To create the reduced genome for IGV:
Launch your IGV browser from the terminal in x2goclient. (Tip: Run igv.sh).
In the top menu select
genome –> create .genome file
You may enter any name and description of your liking, but you need to use this name in the next set of instructions. We will name it mm10.reduced
For the FASTA file use the genome.quantification/mm10.fa file
and for the Gene file use the genome.quantification/ucsc.gtf file
Please load some of the files you prepared. (ie: tophat/th.quant.expr1.baman d tophat/ctrl1.quant.expr1.bam or tophat/th.quant.expr1.bam.tdf and tophat/ctrl1.quant.expr1.bam.tdf)
Some of the genes are good examples of differentially expressed genes. For example the whole region around the key Fgf21 gene is upregulated in experiment vs controls, while the gene Crebbp is downregulated in experiments vs controls. To point your browser to either gene just type or copy the name of the gene in the location box at the top.
You can also compare the results with rsem genomic alignments.
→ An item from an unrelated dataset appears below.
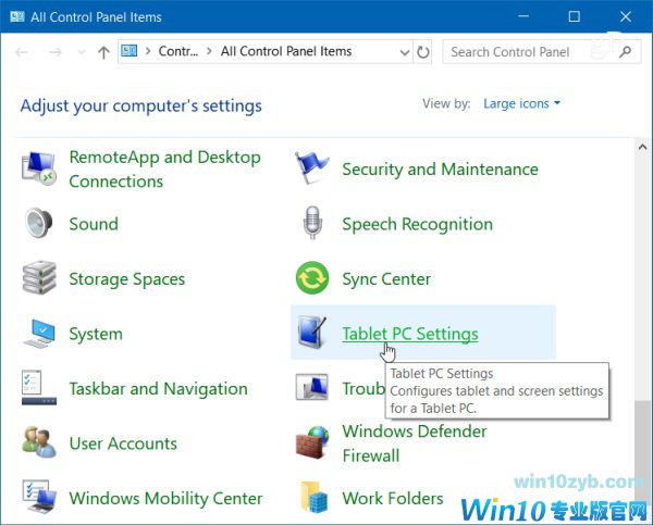 要开始使用,请打开控制面板并选择平板电脑设置。

Make sure you are loading genome alignments not transcript in rsem results, since both alignment results exist in the rsem directory. If you want to compare tdf files, you can use the command below.
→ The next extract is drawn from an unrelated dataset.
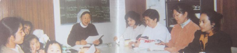 After a year and a half we transferred to another parish, Shiomi Church, but I still continue with my apostolate at Kasai Church with the Filipinos. Aside from Shiomi Church I also go to Umeda where there are two Masses in English every Sunday. I go to Umeda for the Sunday school of the children. Fr. Nicolas, S.J., the spiritual adviser of the El Shaddai, requested me to prepare the first communicants and we had our first group of communicants last Dec. 1, 1996. So one of my apostolates is the catechism of young children.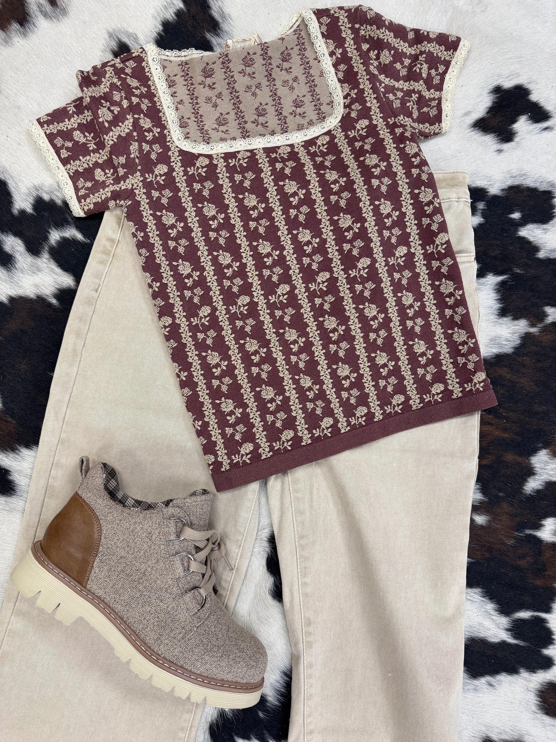 Lace trimmed floral seamless tee

igvtools count -w 5 rsem/ctrl1.rsem.genome.sorted.bam rsem/ctrl1.rsem.genome.sorted.bam.tdf genome.quantification/mm10.fa
igvtools count -w 5 rsem/expr1.rsem.genome.sorted.bam rsem/expr1.rsem.genome.sorted.bam.tdf genome.quantification/mm10.fa
Question: What is different in tophat and rsem alignments?
To perform the commands in the tutorial please install the necessary software and download transcriptomics folder into your working envrionment.